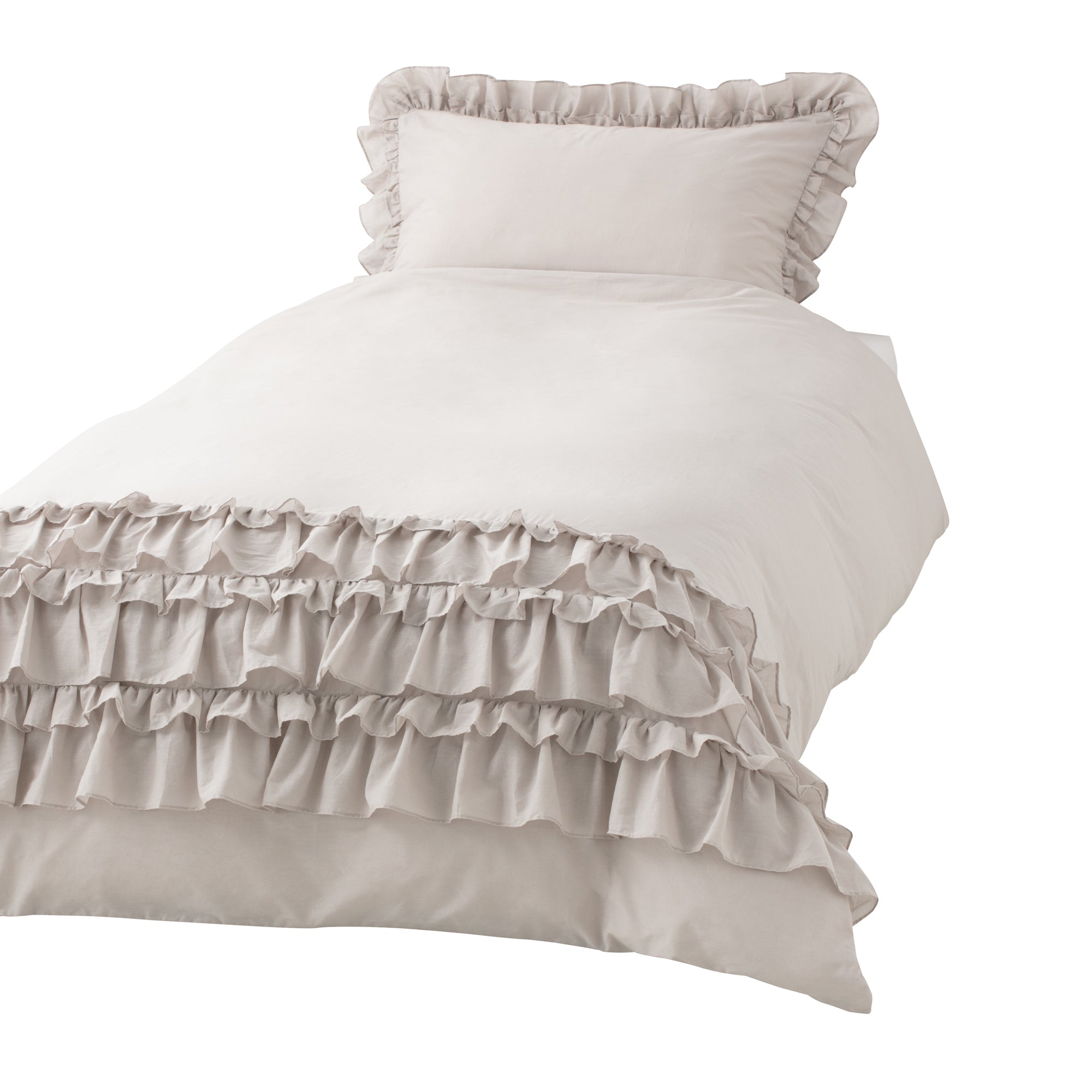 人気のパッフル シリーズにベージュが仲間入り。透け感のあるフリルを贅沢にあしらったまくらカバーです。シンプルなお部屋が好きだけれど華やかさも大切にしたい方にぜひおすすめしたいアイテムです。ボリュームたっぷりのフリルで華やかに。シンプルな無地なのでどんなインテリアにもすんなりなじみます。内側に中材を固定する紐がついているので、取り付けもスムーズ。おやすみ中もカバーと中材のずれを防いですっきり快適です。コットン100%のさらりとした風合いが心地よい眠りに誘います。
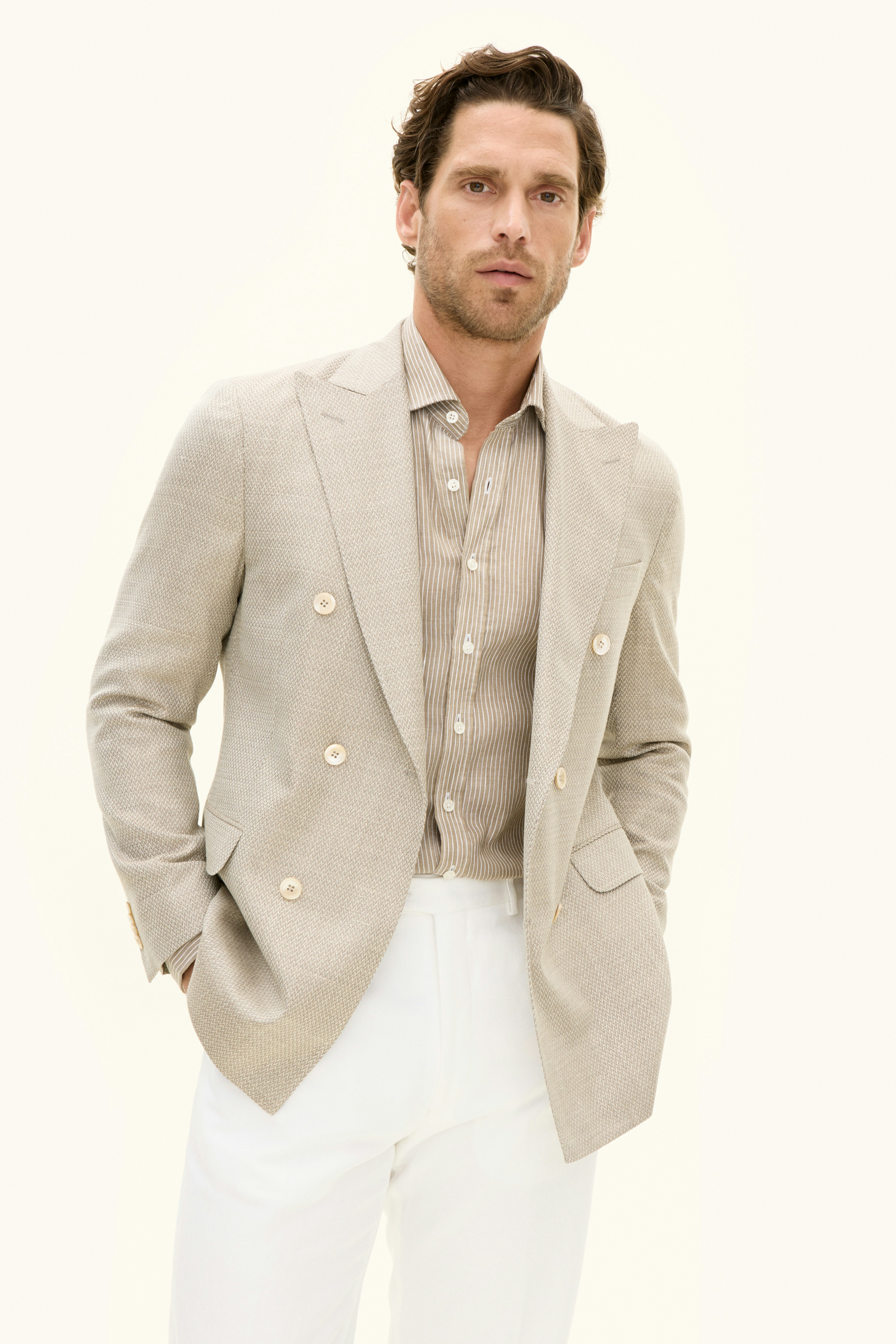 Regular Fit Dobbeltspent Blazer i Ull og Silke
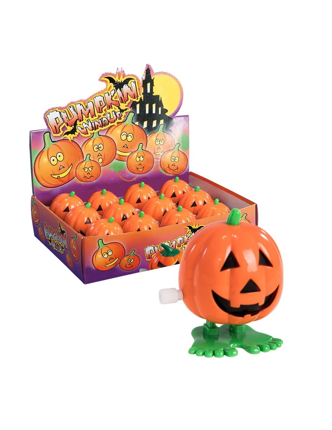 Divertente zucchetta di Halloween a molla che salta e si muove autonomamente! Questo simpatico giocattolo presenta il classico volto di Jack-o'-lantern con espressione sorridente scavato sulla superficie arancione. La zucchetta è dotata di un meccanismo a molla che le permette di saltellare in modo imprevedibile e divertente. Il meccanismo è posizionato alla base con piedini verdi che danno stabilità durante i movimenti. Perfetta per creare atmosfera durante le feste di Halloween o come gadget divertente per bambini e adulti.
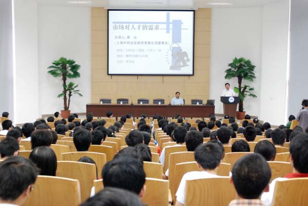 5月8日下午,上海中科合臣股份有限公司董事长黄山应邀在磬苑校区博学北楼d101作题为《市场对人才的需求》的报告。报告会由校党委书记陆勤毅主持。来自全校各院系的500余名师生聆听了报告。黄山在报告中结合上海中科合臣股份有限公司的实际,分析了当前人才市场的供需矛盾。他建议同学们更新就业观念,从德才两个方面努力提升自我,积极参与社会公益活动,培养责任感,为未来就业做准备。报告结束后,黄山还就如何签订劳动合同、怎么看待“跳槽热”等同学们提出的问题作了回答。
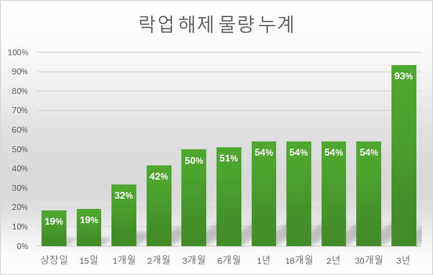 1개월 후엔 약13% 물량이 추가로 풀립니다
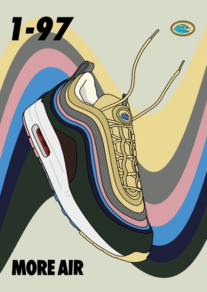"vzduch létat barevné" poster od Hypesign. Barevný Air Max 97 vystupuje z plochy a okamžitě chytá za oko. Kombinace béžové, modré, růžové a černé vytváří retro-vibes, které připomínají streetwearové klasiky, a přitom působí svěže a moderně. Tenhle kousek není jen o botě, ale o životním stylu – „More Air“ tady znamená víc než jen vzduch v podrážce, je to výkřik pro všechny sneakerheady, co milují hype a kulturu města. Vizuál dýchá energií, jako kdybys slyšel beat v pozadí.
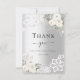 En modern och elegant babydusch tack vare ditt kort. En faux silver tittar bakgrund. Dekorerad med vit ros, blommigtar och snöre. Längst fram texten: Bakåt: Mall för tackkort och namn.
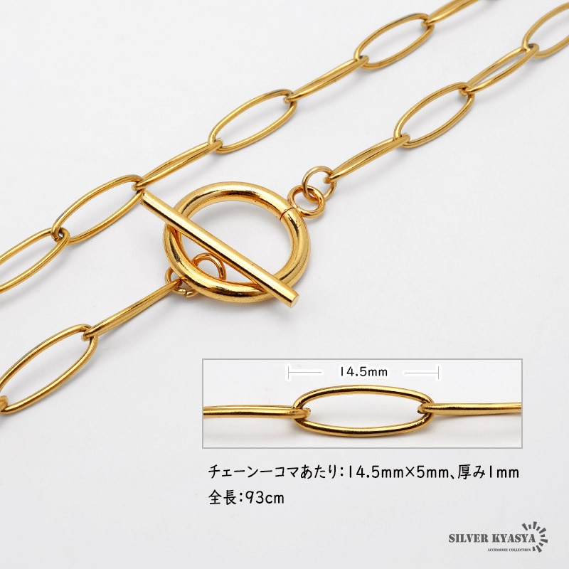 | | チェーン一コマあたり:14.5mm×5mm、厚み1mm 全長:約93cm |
#####
◆ **INSTRUCTIONS FOR THE TASK**: From the data above, return exactly the lines from the one with "5月8日下午,上海中科合臣股" up to and including the one with "1개월 후엔 약13% 물량이 추가로 풀립니다". Pictures do not go in the copy.

◆ **ANSWER FOR THE TASK**:
 5月8日下午,上海中科合臣股份有限公司董事长黄山应邀在磬苑校区博学北楼d101作题为《市场对人才的需求》的报告。报告会由校党委书记陆勤毅主持。来自全校各院系的500余名师生聆听了报告。黄山在报告中结合上海中科合臣股份有限公司的实际,分析了当前人才市场的供需矛盾。他建议同学们更新就业观念,从德才两个方面努力提升自我,积极参与社会公益活动,培养责任感,为未来就业做准备。报告结束后,黄山还就如何签订劳动合同、怎么看待“跳槽热”等同学们提出的问题作了回答。
 1개월 후엔 약13% 물량이 추가로 풀립니다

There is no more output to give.